* _What you will do_
Each record below is to be copied word for word, with pictures removed.

★ ★ ★

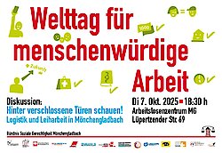Hinter verschlossene Türen schauen – und handeln. Zum „Welttag der menschlichen Arbeit“ prangern verschiedene Organisationen erneut die Missstände in der boomenden Logistikbranche an / Öffentliche Veranstaltung im Arbeitslosenzentrum. mehr...
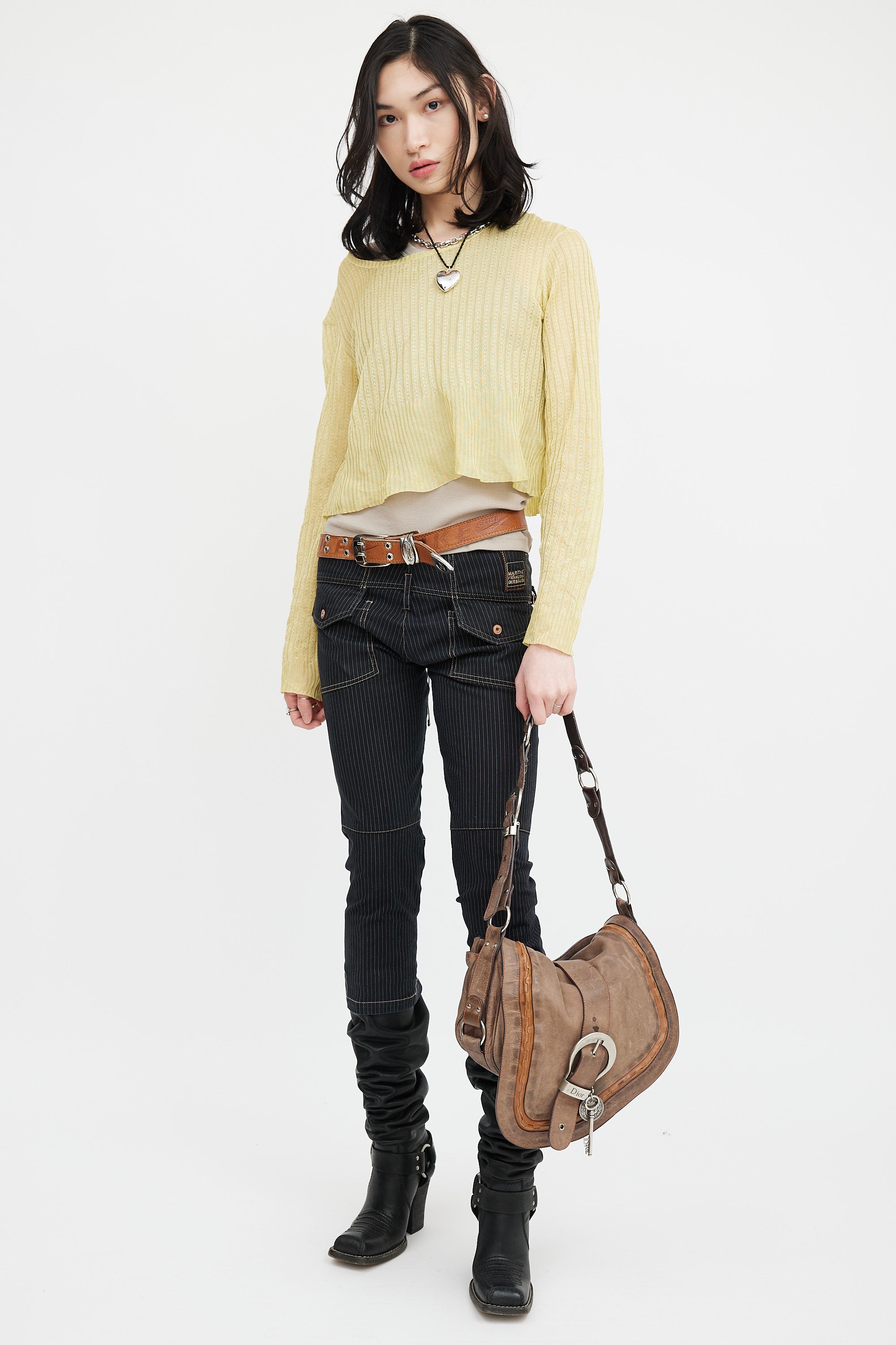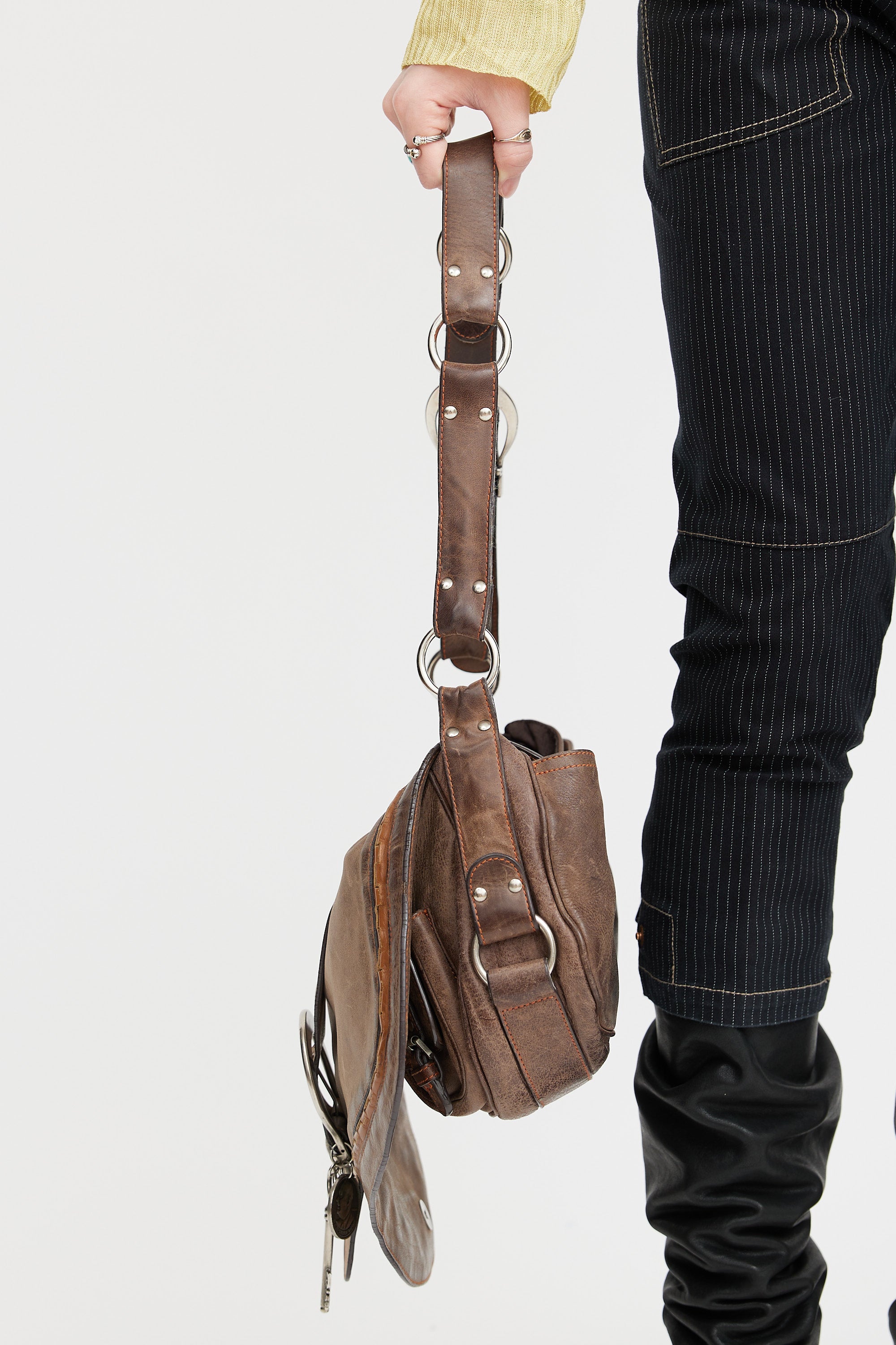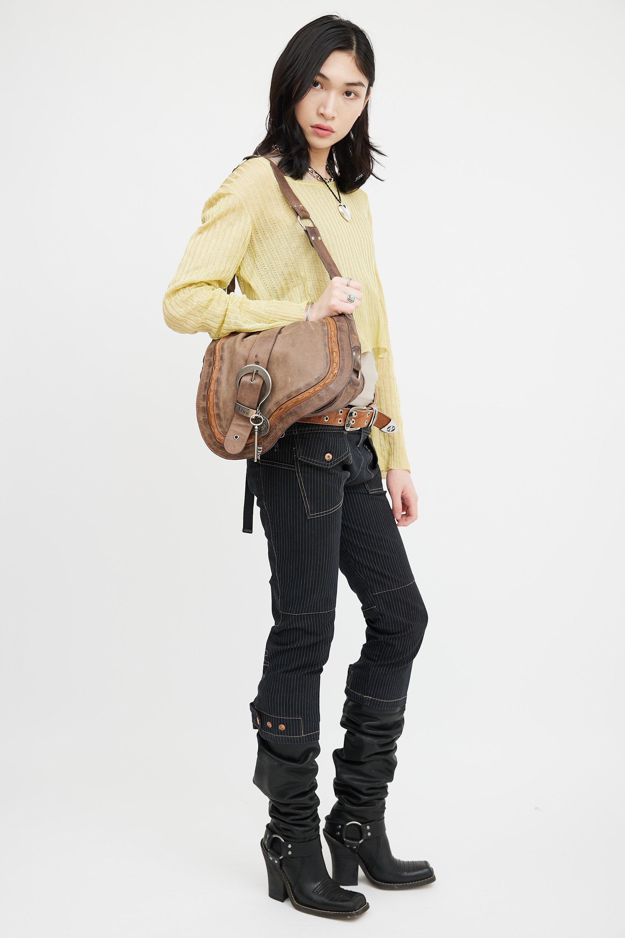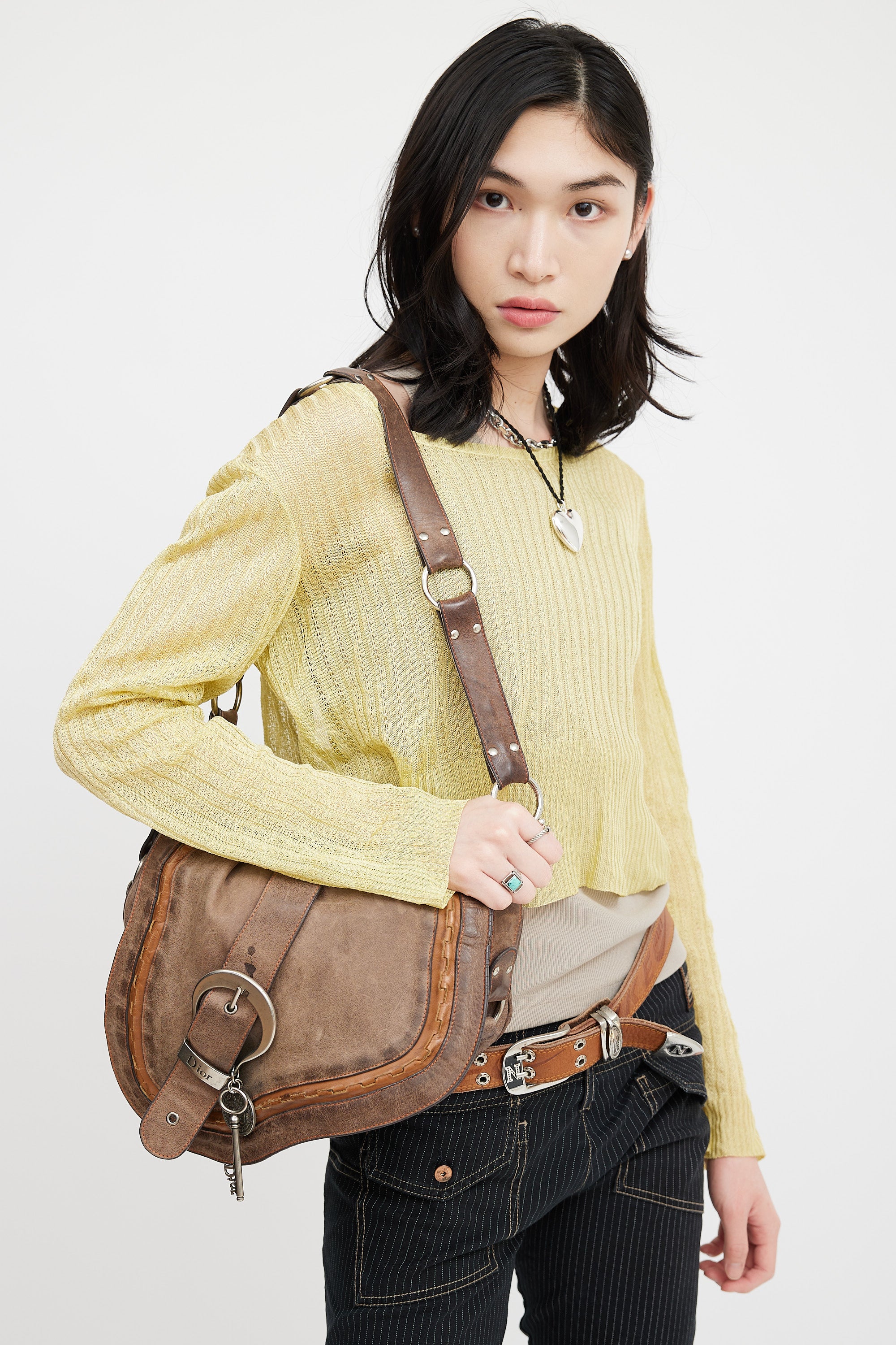 Pre-owned Christian Dior SS 2006 brown leather Gaucho Saddle shoulder bag featuring distressed leather, oversized buckle detail at front with key and coin charm, magnetic button closure, adjustable shoulder strap with metal rings, brushed silver tone hardware, slip pocket at back, one small pocket under top flap, monogram canvas lining, and one zip pocket inside. John Galliano era design.
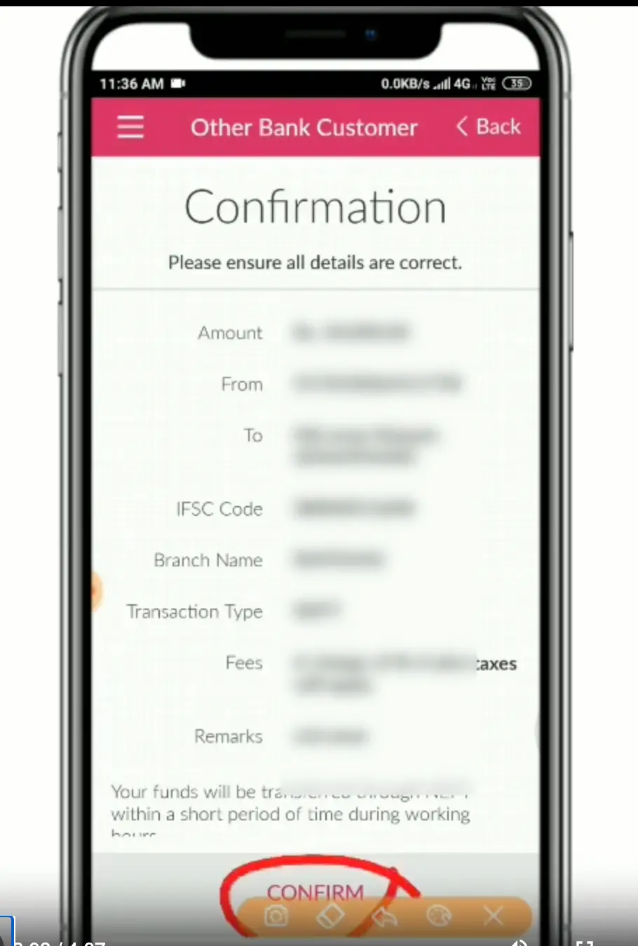 Step 5: Verify the details and amount, and hit the CONFIRM button.
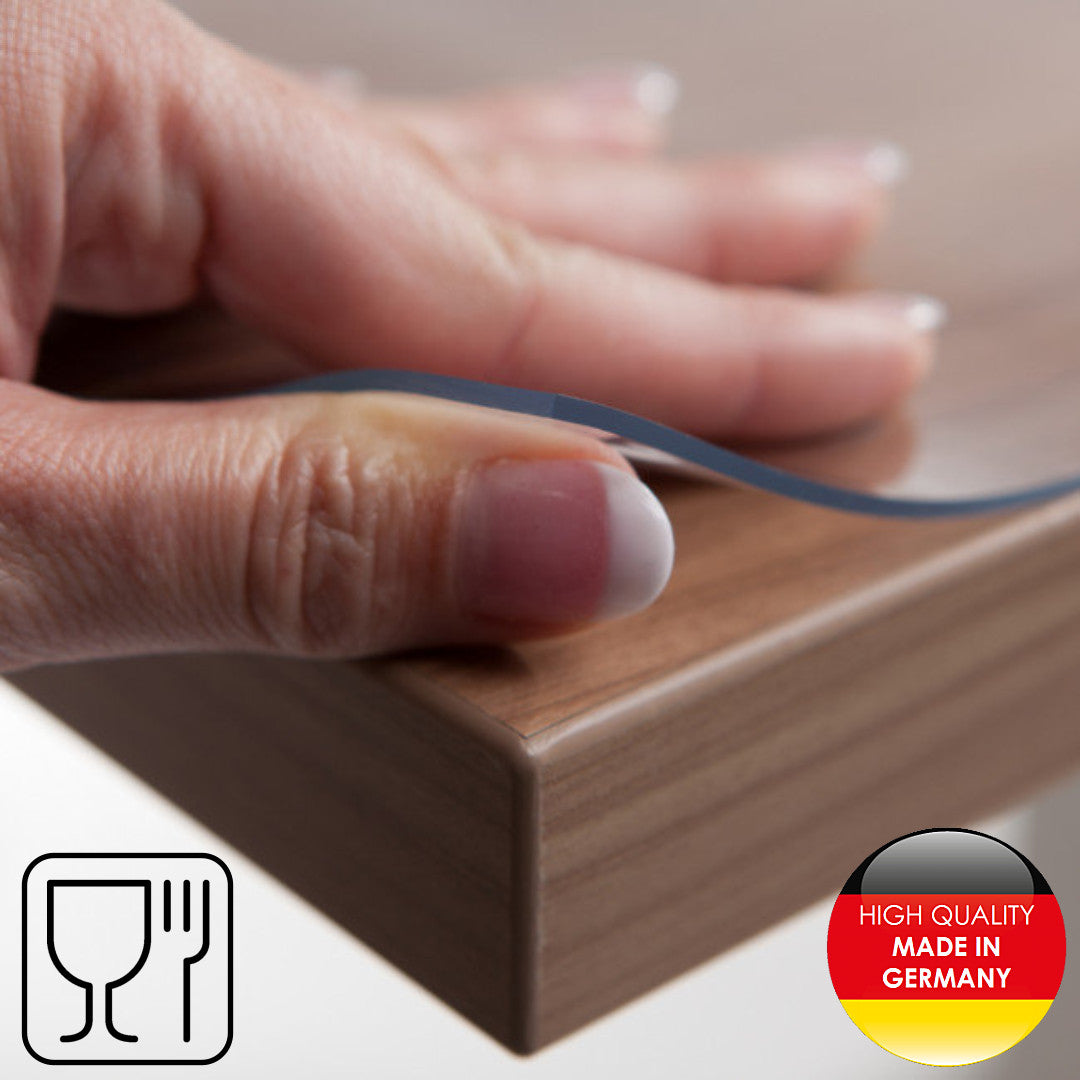 Tyk, gjennomsiktig voksduk, som beskytter bordet optimalt.
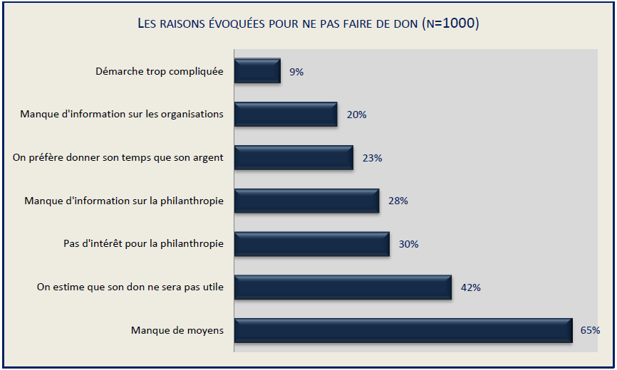 Ceux qui ne donnent pas l’expliquent principalement par le manque de moyens dont ils disposent ; ils évoquent aussi le manque d’information, le manque d’intérêt et la perception que leur don ne sera pas utile.

★ ★ ★

* _Completed exercise_
Hinter verschlossene Türen schauen – und handeln. Zum „Welttag der menschlichen Arbeit“ prangern verschiedene Organisationen erneut die Missstände in der boomenden Logistikbranche an / Öffentliche Veranstaltung im Arbeitslosenzentrum. mehr...
 Pre-owned Christian Dior SS 2006 brown leather Gaucho Saddle shoulder bag featuring distressed leather, oversized buckle detail at front with key and coin charm, magnetic button closure, adjustable shoulder strap with metal rings, brushed silver tone hardware, slip pocket at back, one small pocket under top flap, monogram canvas lining, and one zip pocket inside. John Galliano era design.
 Step 5: Verify the details and amount, and hit the CONFIRM button.
 Tyk, gjennomsiktig voksduk, som beskytter bordet optimalt.
 Ceux qui ne donnent pas l’expliquent principalement par le manque de moyens dont ils disposent ; ils évoquent aussi le manque d’information, le manque d’intérêt et la perception que leur don ne sera pas utile.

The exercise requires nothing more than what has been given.